Corrosion fatigue (CF) represents one of the most significant challenges in materials engineering, defined as the sequential stages of metal damage that evolve with accumulated load cycling in aggressive environments compared to inert or benign surroundings. This damage results from the interaction of irreversible cyclic plastic deformation with localized chemical or electrochemical reactions. While environment-enhanced fatigue serves as a modern term, corrosion fatigue remains the traditional designation when emphasizing electrochemical environments.

Fatigue damage occurs when materials experience repeated cyclic or fluctuating loading, even when the stress produced remains below the material yield strength. Various types of fatigue damage exist, including corrosion, thermal mechanical, vibration, and creep fatigue. Determining the active form of fatigue proves crucial because preventive measures differ significantly depending on the specific case.
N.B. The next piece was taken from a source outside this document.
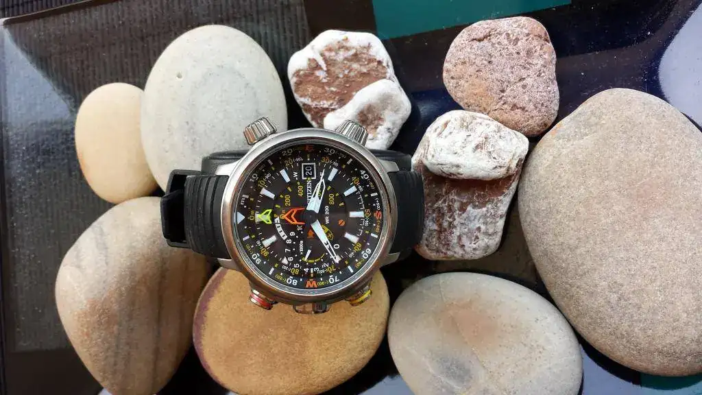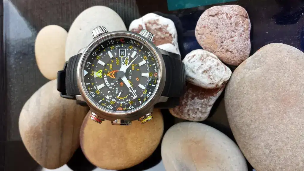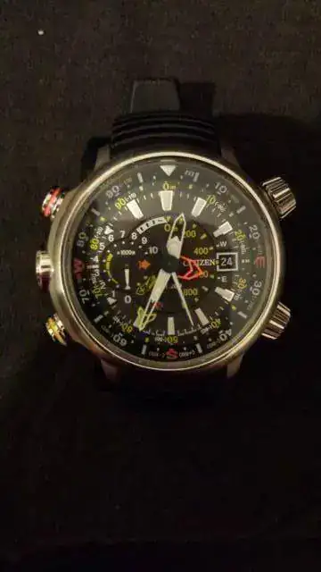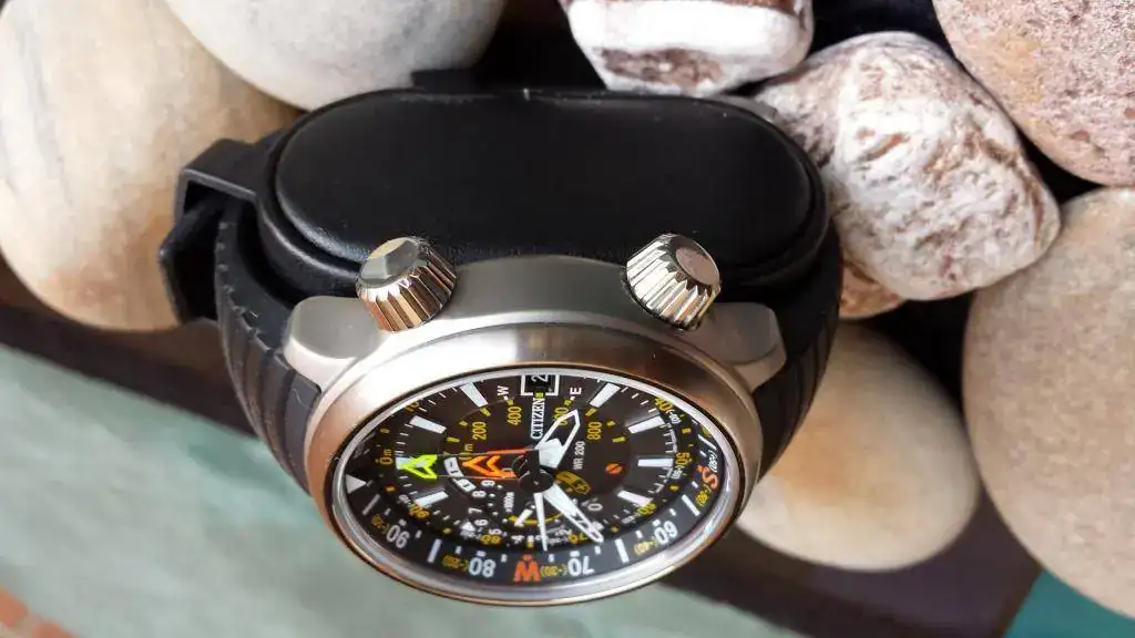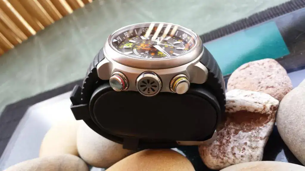 Funciones: Sumergible a 200 m. Altímetro desde -300 a 10.000 metros, con dos agujas indicadores: principal y lad situada en la subesfera 9 horas. Brújula electrónica. Indicador reserva de carga. Calendario.
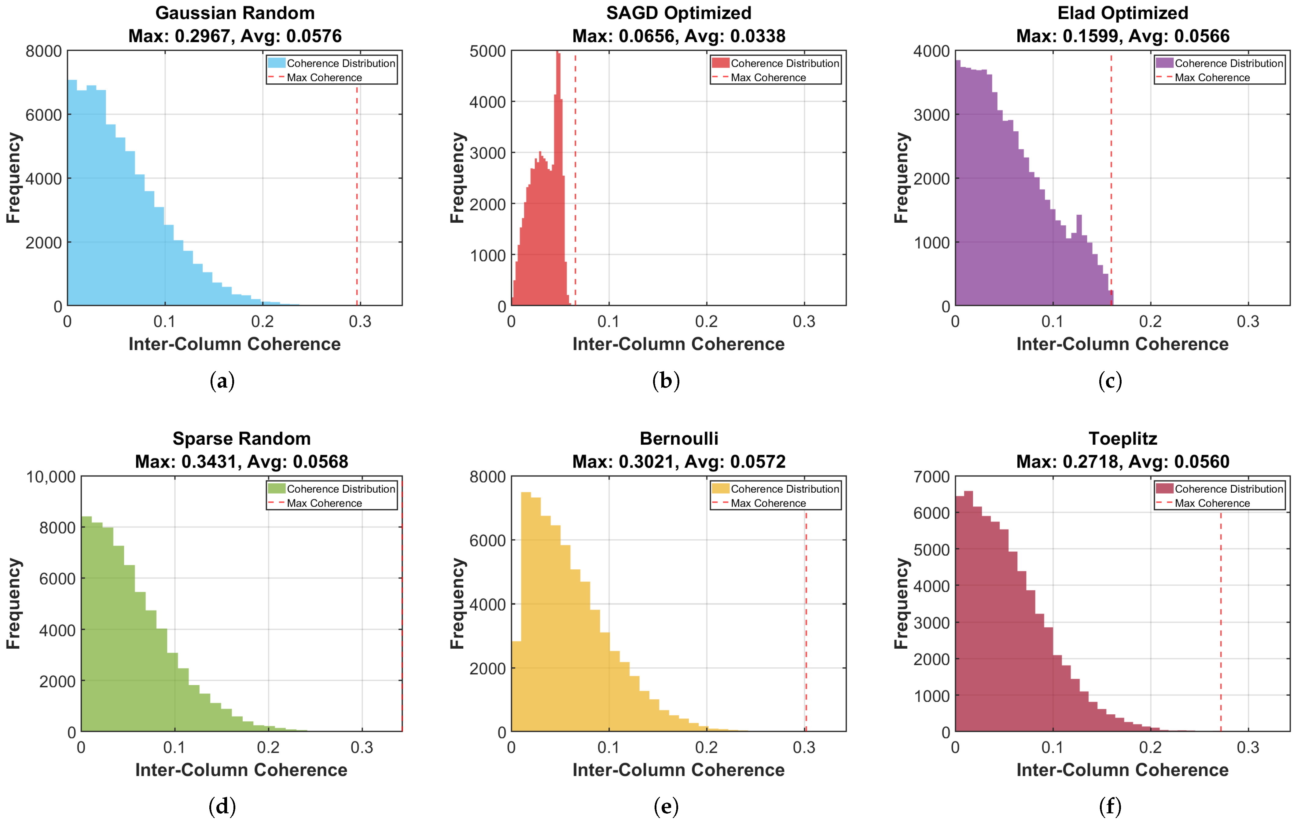 Figure 6 compares six measurement matrices within the FCS framework. The corresponding maximum-coherence values are as follows: Gaussian random (

Corrosion Fatigue in Industrial Applications

Boiler Systems

In boiler tube applications, corrosion fatigue occurs through the combined synergistic actions of cyclic loading and corrosive environments. This discontinuous process involves crack initiation and growth during transient periods. Excessive stresses develop during boiler operation due to restraint at tube attachments and load changes, particularly during cold starts or forced cooling cycles. During shutdown or restart of circulation boilers, thermal stratification of water along the tube length creates additional stress conditions.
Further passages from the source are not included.